What could be the other fallout is the damage to the Narmada Dam. State government authorities say reports of damage to the dam are untrue. "We have received no information of this kind," says state spokesman Parmar. The other scare: what would happen to the big corporate units in Gujarat, in one of the country's most advanced industrial states? Reliance Industries spokesman Yogesh Desai says their refinery complexes in Jamnagar and Hazira are safe but the possibility of other plants located near Bhuj, belonging to the Tatas and Essar, being hit remained a possibility. Defence officials played down reports that the airbases at Bhuj and Nalia had been damaged.
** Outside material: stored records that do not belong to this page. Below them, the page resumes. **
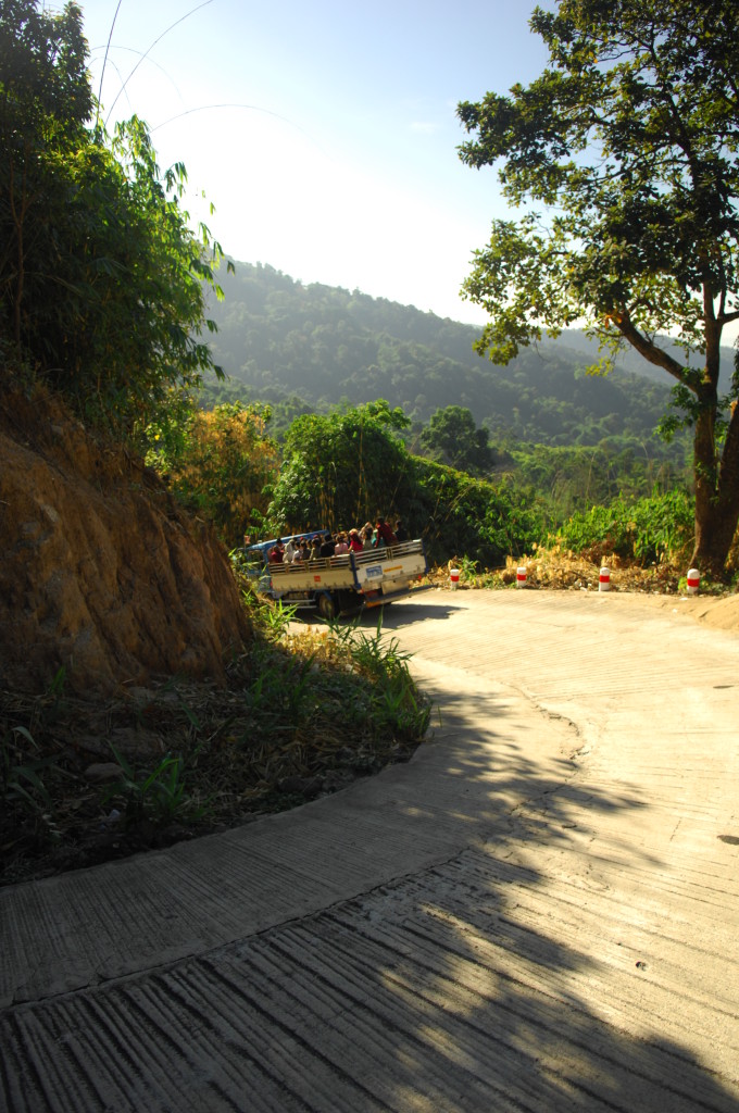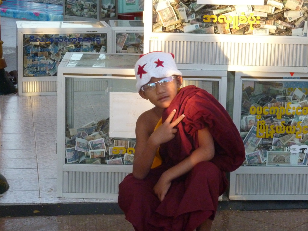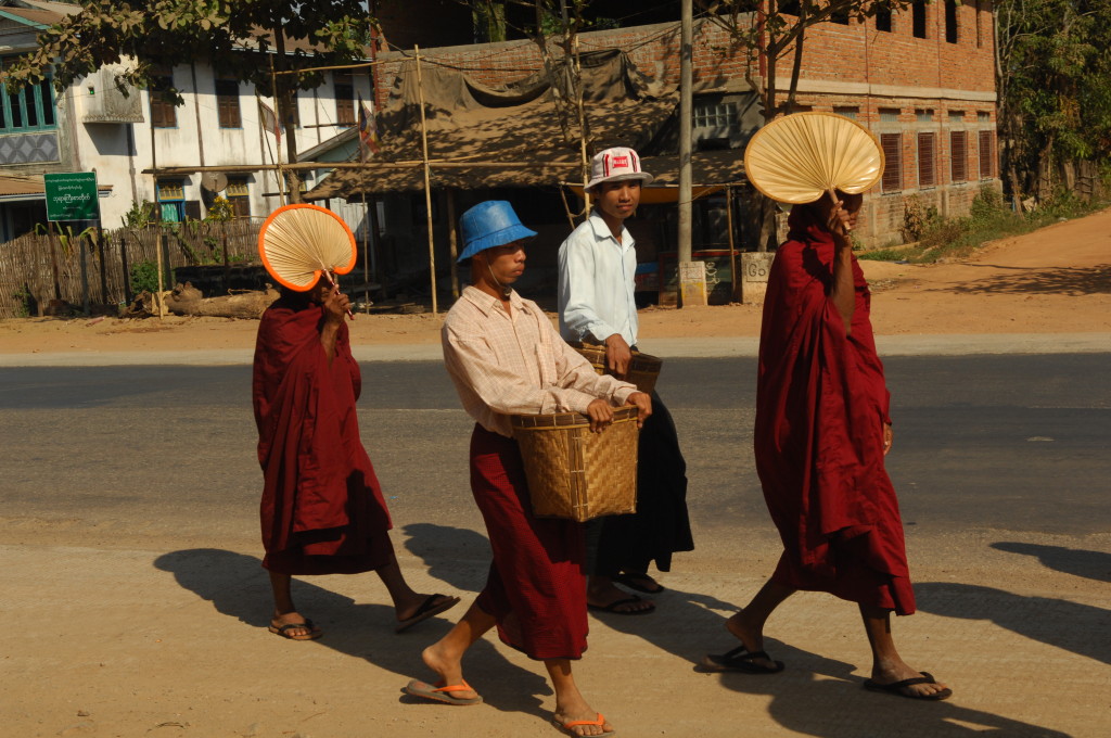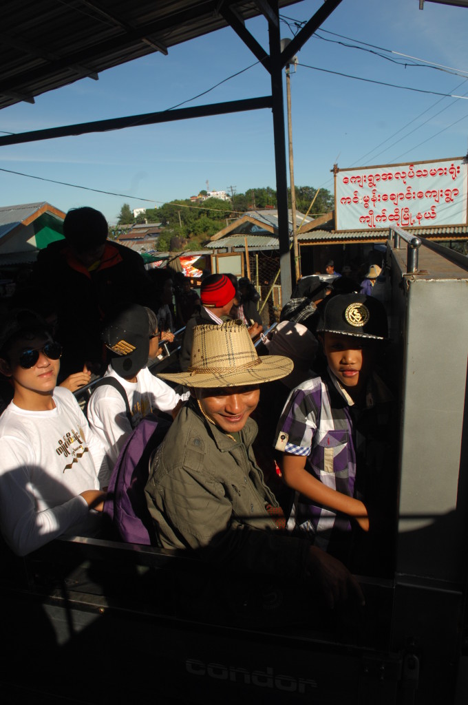 Nach dem Frühstück machen wir uns ebenfalls auf den Weg zur Basisstation. Dort treffen wir Kyaw, unseren Fahrer für die nächsten 10 Tage. Mit ihm haben wir bereits vor 4 Jahren das Land bereist. Im Gegensatz zur Fortbewegung mit öffentlichen Verkehrsmitteln können wir so an jedem beliebigen, uns interessant erscheinenden Punkt halten und diesen erkunden. Besser noch: Kyaw ist einer der wenigen Reiseführer, die zugleich Fahrer sind, und er kennt sich im ganzen Land hervorragend aus. Er ist so neugierig wie wir. Wenn er etwas nicht weiß, fragt er den nächsten Einheimischen. Dank ihm gelangen wir zu Orten, die noch nicht in die Reiseführer gefunden haben, und erfahren so manches interessante Detail.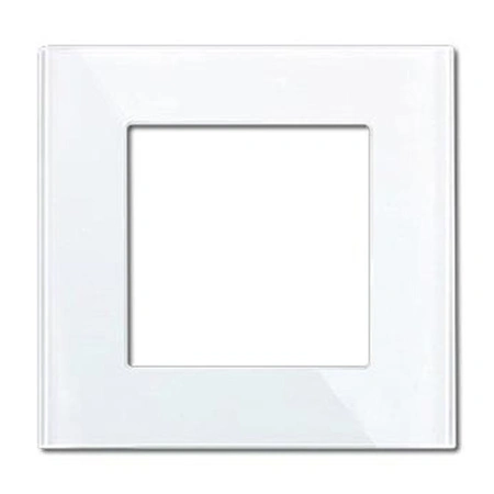 Szklana ramka do gniazdka to propozycja stworzona dla najmodniejszych, nowoczesnych wnętrz. Produkt w kształcie kwadratu ma uniwersalny biały kolor.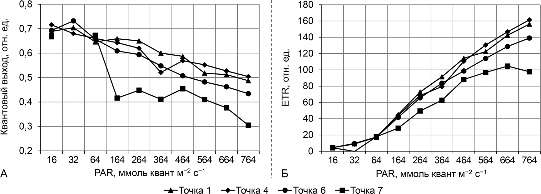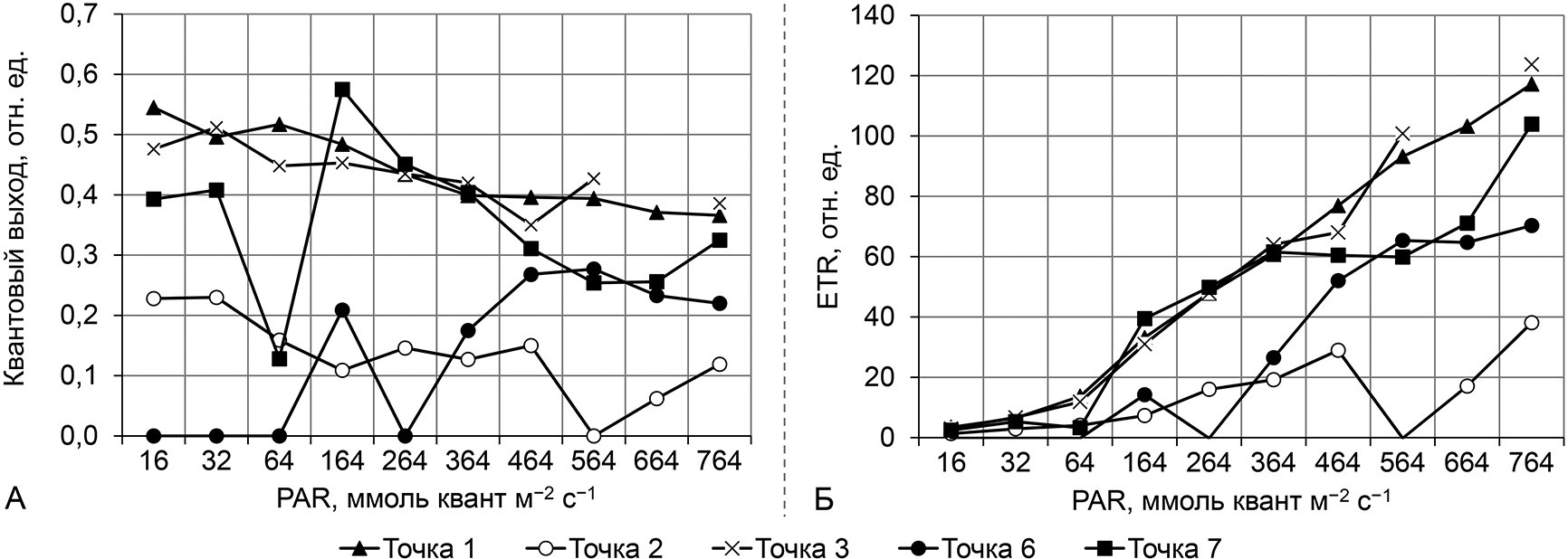 Рисунок 3 – Световые кривые квантового выхода флуоресценции хлорофилла a (А) и скорости электронного транспорта – ETR (Б)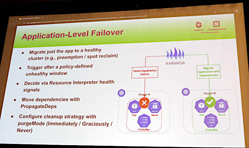 アプリケーションレベルのフェイルオーバーについてもKarmadaで実装されていることが説明され、クラスター間の再スケジューリング/フェイルオーバー、クラスター内のオートスケール、アプリケーションレベルでのフェイルオーバーなど多くのユースケースを想定して、KarmadaがBloombergのAIアプリケーションを可能にしていることが解説された。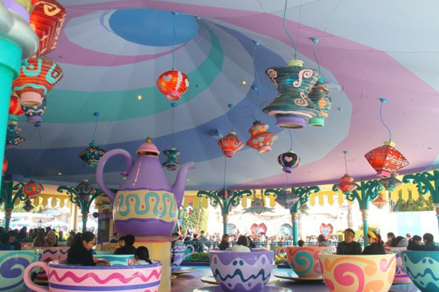 まず1つ目が「アリスのティーパーティー」。コーヒーカップが回るアトラクションなのですが、誕生日であることを伝えると、アトラクション開始前のアナウンスで名前を呼んでおめでとうございますと祝ってくれます。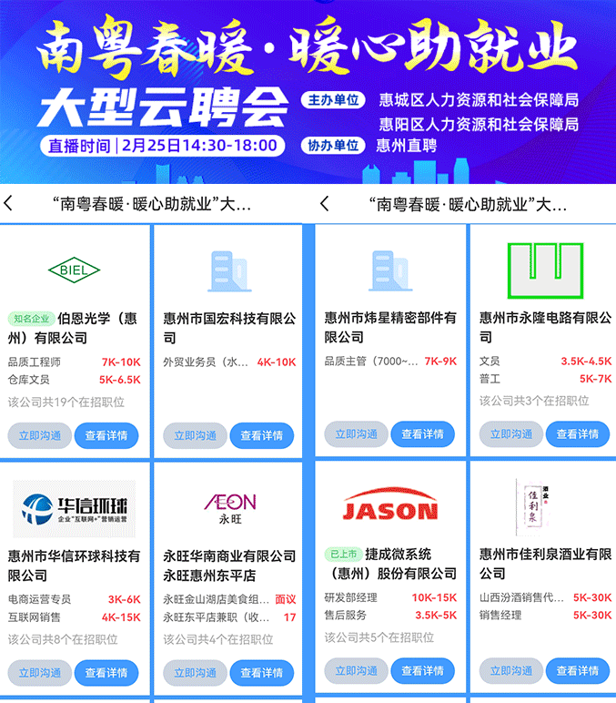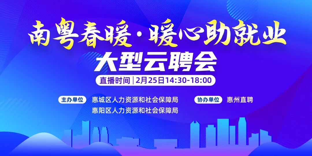 为推进常态化疫情防控与线上线下招聘等就业服务活动,为劳动者求职就业和用人单位用工招聘搭建人力资源供需平台,促进市场对接匹配,帮助企业招到人才、求职者找到一份好工作。惠城区人力资源和社会保障局、惠阳区人力资源和社会保障局联合开展2022年“南粤春暖·暖心助就业”大型云聘会活动。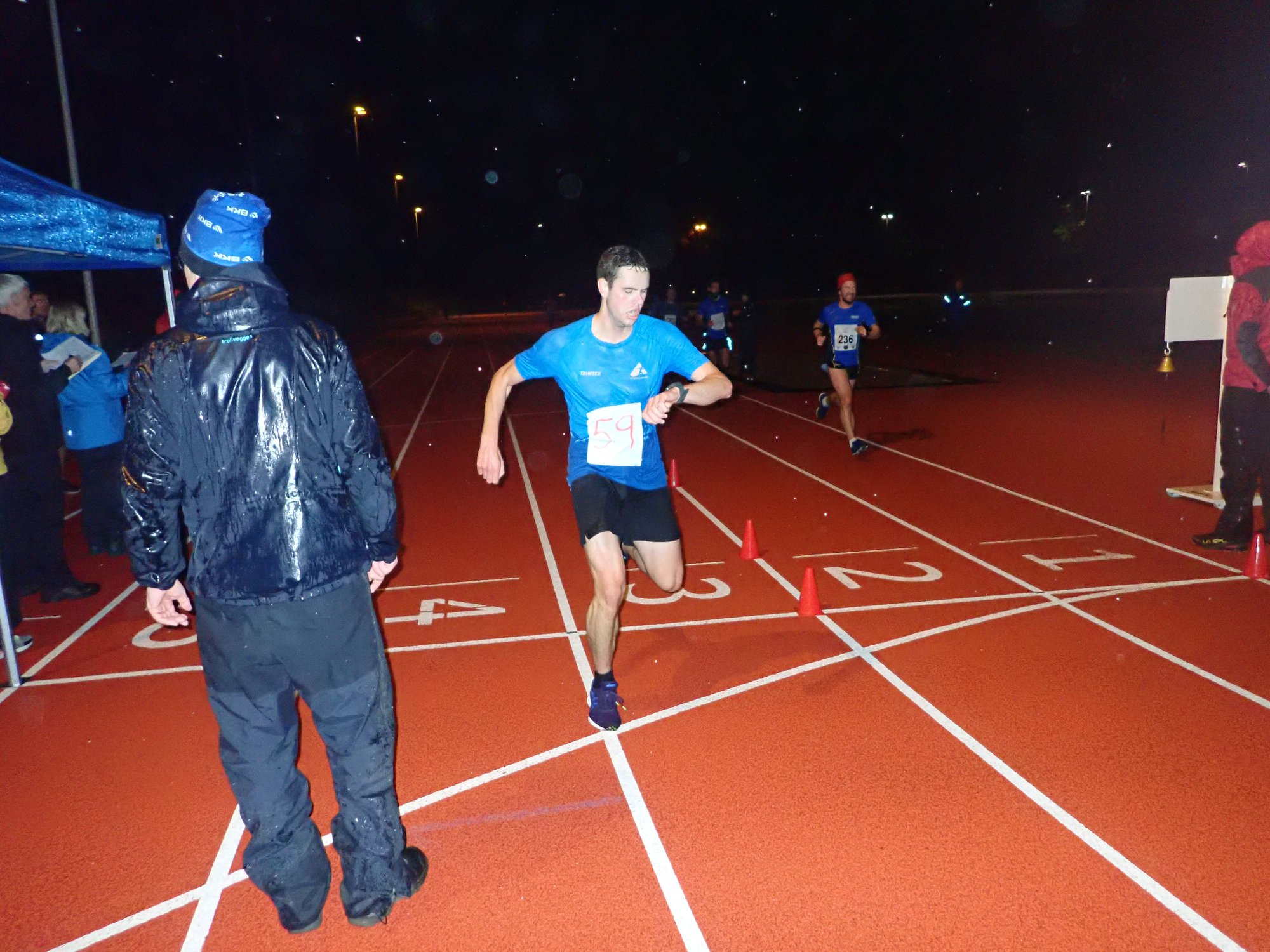 10.000 meter er en tøff distanse, men kan også være herlig hvis du treffer med tempoet. I duskregnet var det flere løpere fant den vidunderlige flyten. De formelig suste de siste rundene. Det var brede smil og god stemning etter målgang for begge de to heatene. Kondis.no sin utsendte klaget litt over lysforholdene, men syntes ellers at det meste var helt prima på Skansemyren. Ole Garmannslund imponerte stort med storfine 32:39,1, mens Nikolas Jon Aarland viste at han er på gang igjen med 33:48,7. Beste jenter var Anja Kleiven Sætre og Anita Blomholm.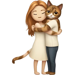 small calico cat hugging long brown hair white woman emoji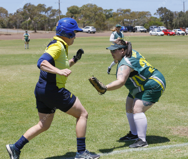 Roarunners’ Emily Pobke has the ball in her glove ready to tag Eagles’ Patrina Coombs in the B grade. (525583_23)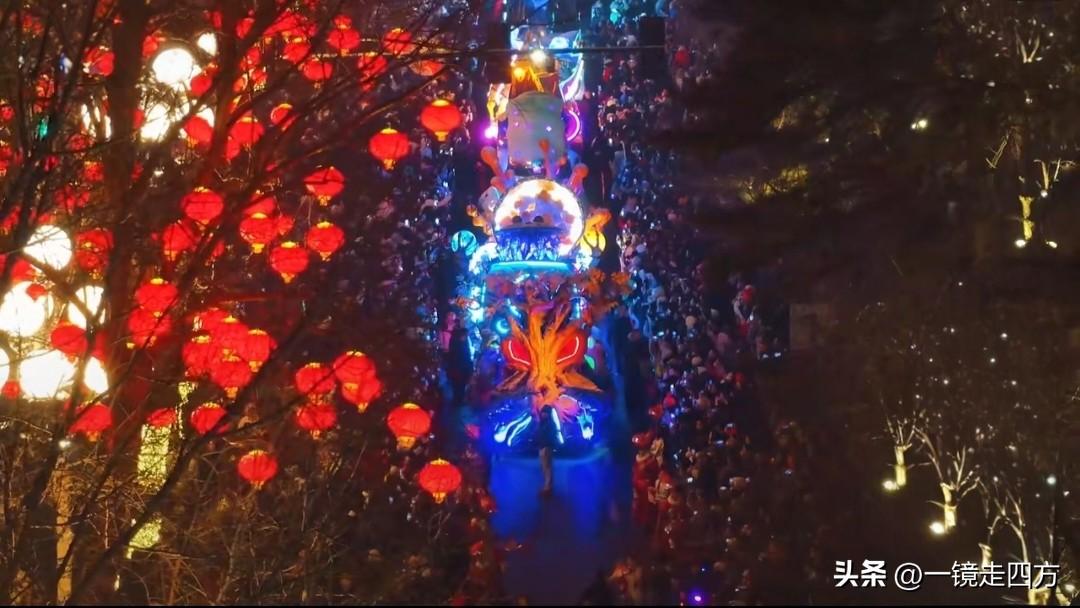 元宵夜,长春新民大街晚上再封路,上演欢乐主题巡游和各种表演,大家笑称,又来了一亿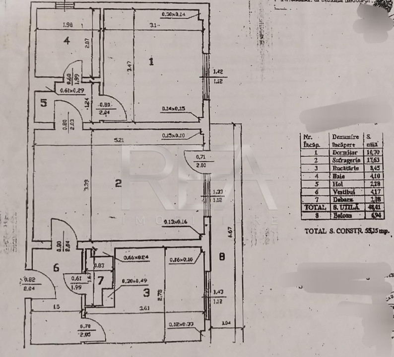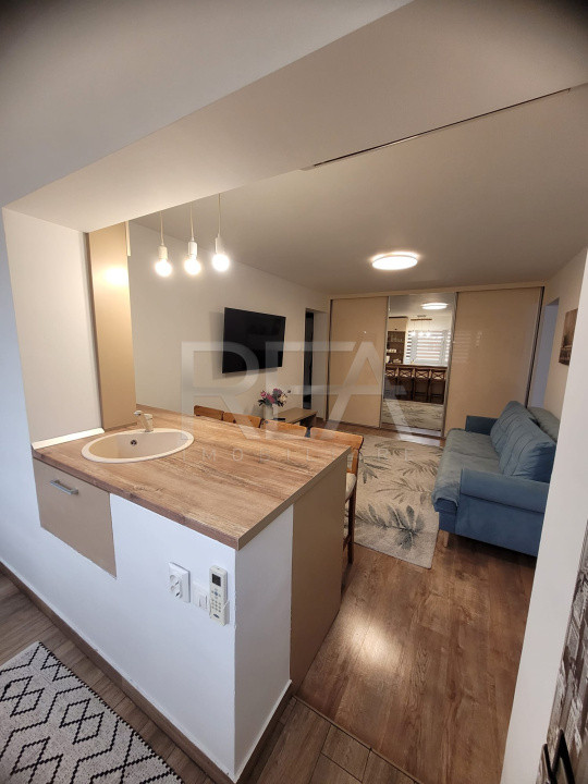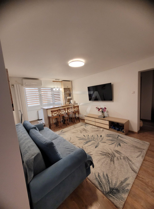 Apartamentul este alcatuit din living, dormitor, bucatarie, baie si balcon. Suprafata totala este de 57 mp, din care suprafata utila este de 56 mp. Apartamentul a fost renovat complet, instalatiile electrice/sanitare au fost schimbate. Este instalat si boiler.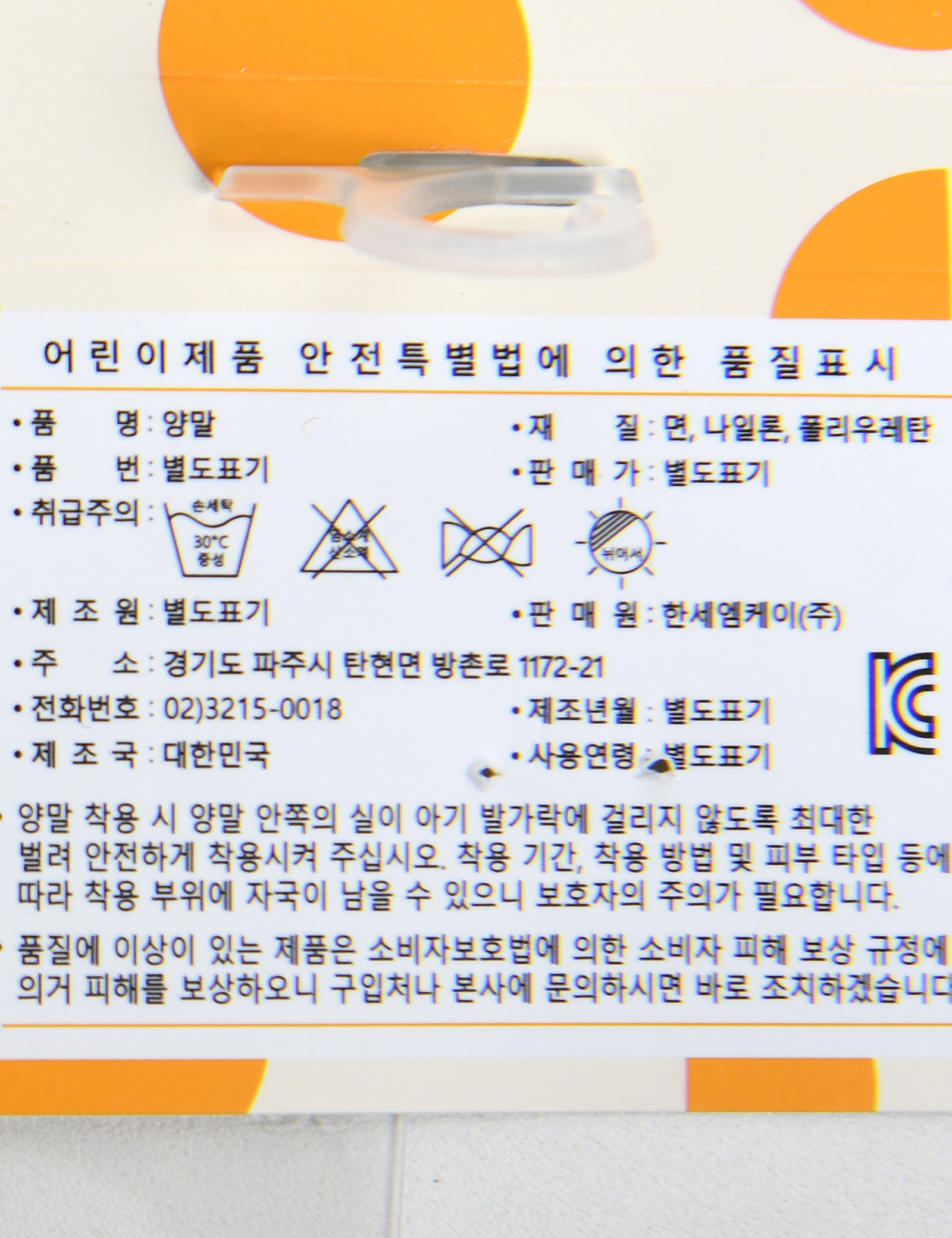 품명 및 모델명 (겉감)면,나일론,폴리우레탄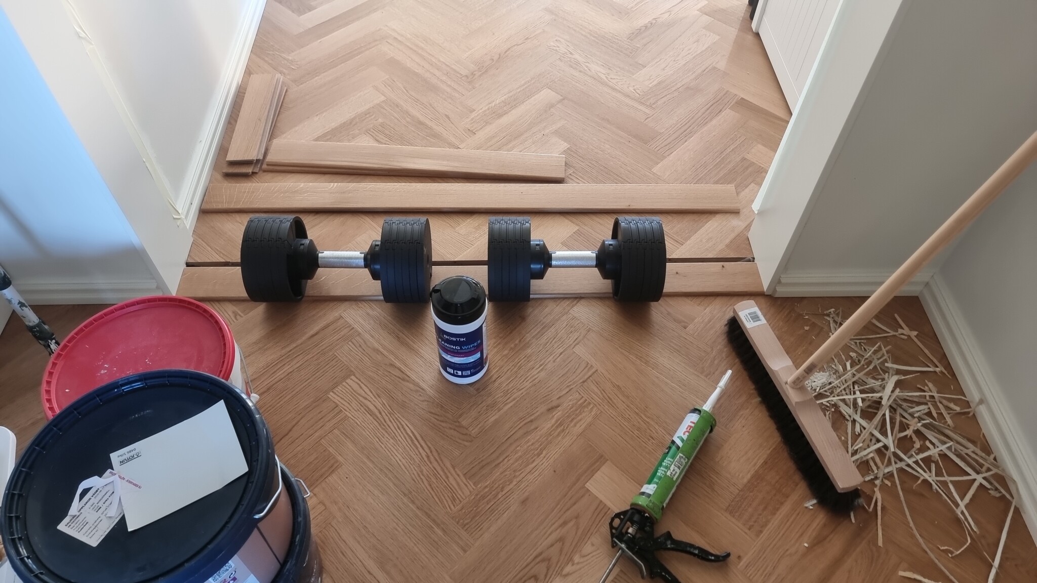 Försöker runda av renoveringen av min lägenhet och försöker lista ut vad som är bästa eller åtminståne ett bra nog sätt att fästa två tröskelplattor vid en övergång med nivåskillnad.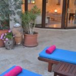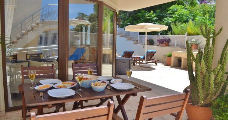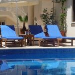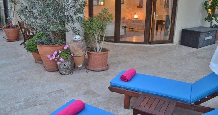 The property has a large sunbathing terrace with sea views and a variety of fragrant, Mediterranean plants, trees and flowers. There are sunbeds, cushions, parasols and bean bags. The shared ‘L’ shaped pool wraps around the property and is accessed by mosaic Roman steps.There is also an outdoor shower by the pool. Directly outside the lounge is a private terrace with dining table and chairs in an art-themed garden. A wonderful place to simply relax and sunbathe, or to enjoy some al-fresco drinks and dining. Both bedrooms have private furnished terraces with sea views. A peaceful lane with parking runs along the front of the property, whilst the rear of the property leads you directly into town at the taxi rank roundabout. Guests of the Pearl are also able to use the impressive pool and facilities at the adjacent Dream Hotel.

The current earthquake has brought back memories of the last time that such an occurrence took place. More than 700 people were estimated killed in Kutch in 1956. Experts now recall the prophetic words of Prof R.V. Karanth of Baroda's MS University when he emphasised last year that the factors which trigger off quakes in the Himalayan region are also present in the Kutch region. Sadly, no precautionary measures were undertaken.